■ Task details ■
Repeat the data that follows exactly, starting at the line with "Обчисліть: 1) –24" and ending at the line with "蛋鸡主产省份统计范围:河北、", and leave out every picture.

■ Data records ■
- - -

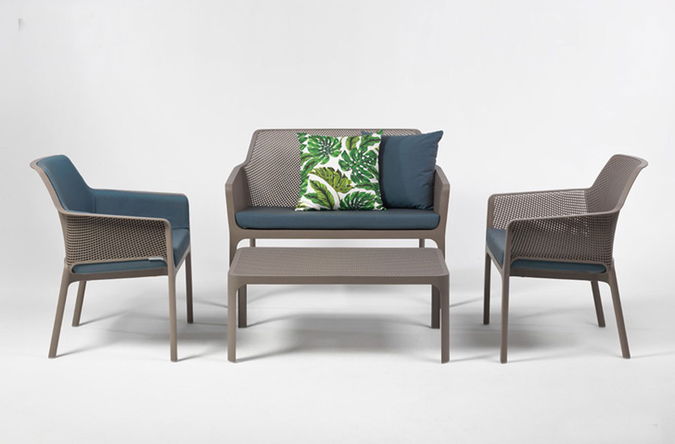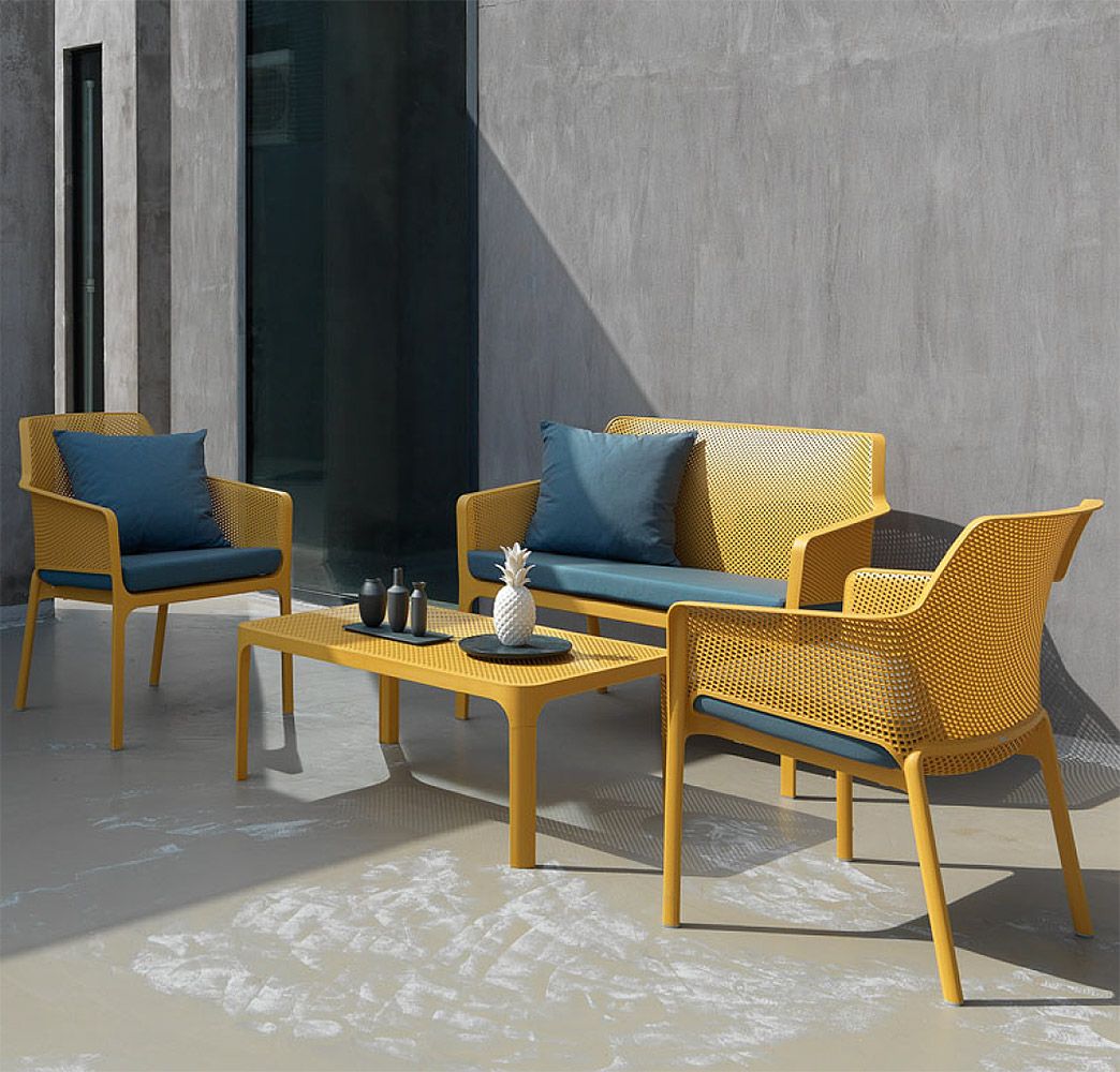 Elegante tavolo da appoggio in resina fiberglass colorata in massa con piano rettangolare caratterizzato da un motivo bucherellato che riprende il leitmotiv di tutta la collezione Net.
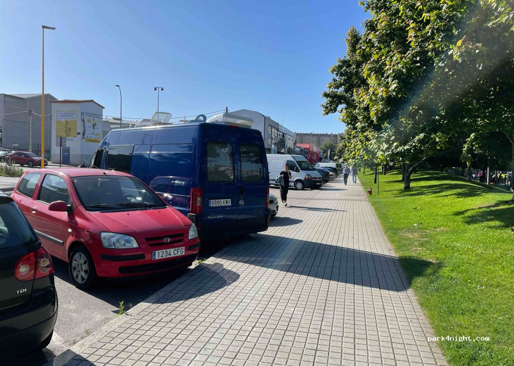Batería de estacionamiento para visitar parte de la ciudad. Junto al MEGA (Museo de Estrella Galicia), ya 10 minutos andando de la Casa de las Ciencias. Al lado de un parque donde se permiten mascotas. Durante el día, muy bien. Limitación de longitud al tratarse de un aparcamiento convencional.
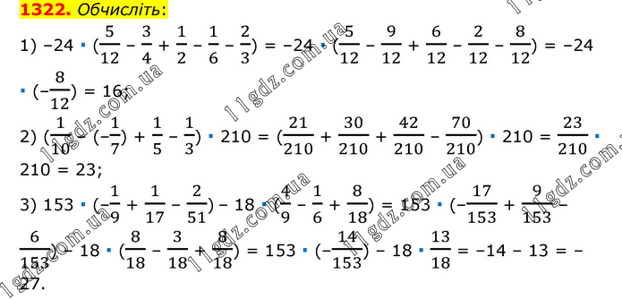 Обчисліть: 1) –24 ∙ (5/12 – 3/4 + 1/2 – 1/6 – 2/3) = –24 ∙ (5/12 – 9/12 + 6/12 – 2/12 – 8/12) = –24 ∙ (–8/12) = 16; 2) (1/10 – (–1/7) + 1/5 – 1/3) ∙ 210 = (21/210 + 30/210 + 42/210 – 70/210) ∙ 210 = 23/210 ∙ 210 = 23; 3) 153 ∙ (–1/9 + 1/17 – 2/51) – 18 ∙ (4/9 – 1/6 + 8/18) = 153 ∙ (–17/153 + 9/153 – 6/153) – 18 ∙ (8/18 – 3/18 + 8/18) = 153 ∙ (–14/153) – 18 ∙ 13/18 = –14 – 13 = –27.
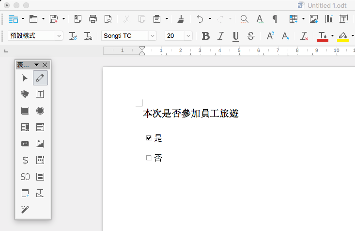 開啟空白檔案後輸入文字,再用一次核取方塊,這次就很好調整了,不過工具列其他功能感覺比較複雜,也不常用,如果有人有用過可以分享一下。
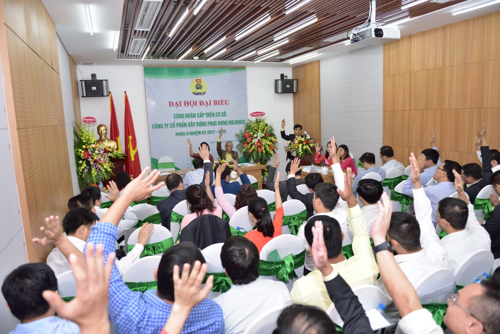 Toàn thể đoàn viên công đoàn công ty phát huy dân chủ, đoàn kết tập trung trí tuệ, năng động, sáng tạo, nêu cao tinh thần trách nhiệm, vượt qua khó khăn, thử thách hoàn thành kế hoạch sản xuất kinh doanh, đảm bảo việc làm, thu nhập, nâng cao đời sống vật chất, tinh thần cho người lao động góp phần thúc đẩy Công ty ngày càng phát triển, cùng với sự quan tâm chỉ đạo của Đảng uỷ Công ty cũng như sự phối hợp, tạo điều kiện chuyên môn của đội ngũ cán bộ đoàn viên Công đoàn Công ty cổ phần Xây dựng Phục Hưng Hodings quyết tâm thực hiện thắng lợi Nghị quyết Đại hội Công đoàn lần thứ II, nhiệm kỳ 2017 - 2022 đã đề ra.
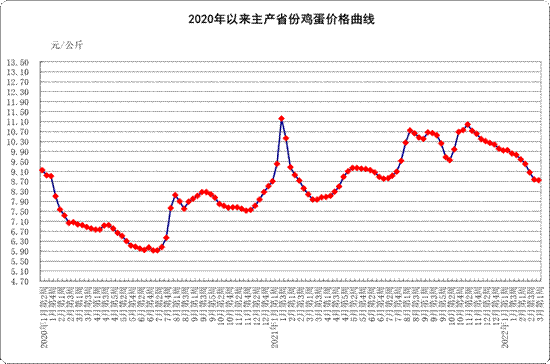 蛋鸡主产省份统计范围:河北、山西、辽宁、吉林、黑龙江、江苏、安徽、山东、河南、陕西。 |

- - -

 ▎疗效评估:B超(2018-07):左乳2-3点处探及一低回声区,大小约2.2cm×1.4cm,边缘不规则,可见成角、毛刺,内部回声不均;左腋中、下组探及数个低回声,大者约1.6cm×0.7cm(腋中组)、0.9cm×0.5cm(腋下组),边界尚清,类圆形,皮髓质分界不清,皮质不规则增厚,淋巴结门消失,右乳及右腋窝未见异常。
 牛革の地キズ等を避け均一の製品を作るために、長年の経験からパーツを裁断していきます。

- - -

■ Exercise output ■
 Обчисліть: 1) –24 ∙ (5/12 – 3/4 + 1/2 – 1/6 – 2/3) = –24 ∙ (5/12 – 9/12 + 6/12 – 2/12 – 8/12) = –24 ∙ (–8/12) = 16; 2) (1/10 – (–1/7) + 1/5 – 1/3) ∙ 210 = (21/210 + 30/210 + 42/210 – 70/210) ∙ 210 = 23/210 ∙ 210 = 23; 3) 153 ∙ (–1/9 + 1/17 – 2/51) – 18 ∙ (4/9 – 1/6 + 8/18) = 153 ∙ (–17/153 + 9/153 – 6/153) – 18 ∙ (8/18 – 3/18 + 8/18) = 153 ∙ (–14/153) – 18 ∙ 13/18 = –14 – 13 = –27.
 開啟空白檔案後輸入文字,再用一次核取方塊,這次就很好調整了,不過工具列其他功能感覺比較複雜,也不常用,如果有人有用過可以分享一下。
 Toàn thể đoàn viên công đoàn công ty phát huy dân chủ, đoàn kết tập trung trí tuệ, năng động, sáng tạo, nêu cao tinh thần trách nhiệm, vượt qua khó khăn, thử thách hoàn thành kế hoạch sản xuất kinh doanh, đảm bảo việc làm, thu nhập, nâng cao đời sống vật chất, tinh thần cho người lao động góp phần thúc đẩy Công ty ngày càng phát triển, cùng với sự quan tâm chỉ đạo của Đảng uỷ Công ty cũng như sự phối hợp, tạo điều kiện chuyên môn của đội ngũ cán bộ đoàn viên Công đoàn Công ty cổ phần Xây dựng Phục Hưng Hodings quyết tâm thực hiện thắng lợi Nghị quyết Đại hội Công đoàn lần thứ II, nhiệm kỳ 2017 - 2022 đã đề ra.
 蛋鸡主产省份统计范围:河北、山西、辽宁、吉林、黑龙江、江苏、安徽、山东、河南、陕西。 |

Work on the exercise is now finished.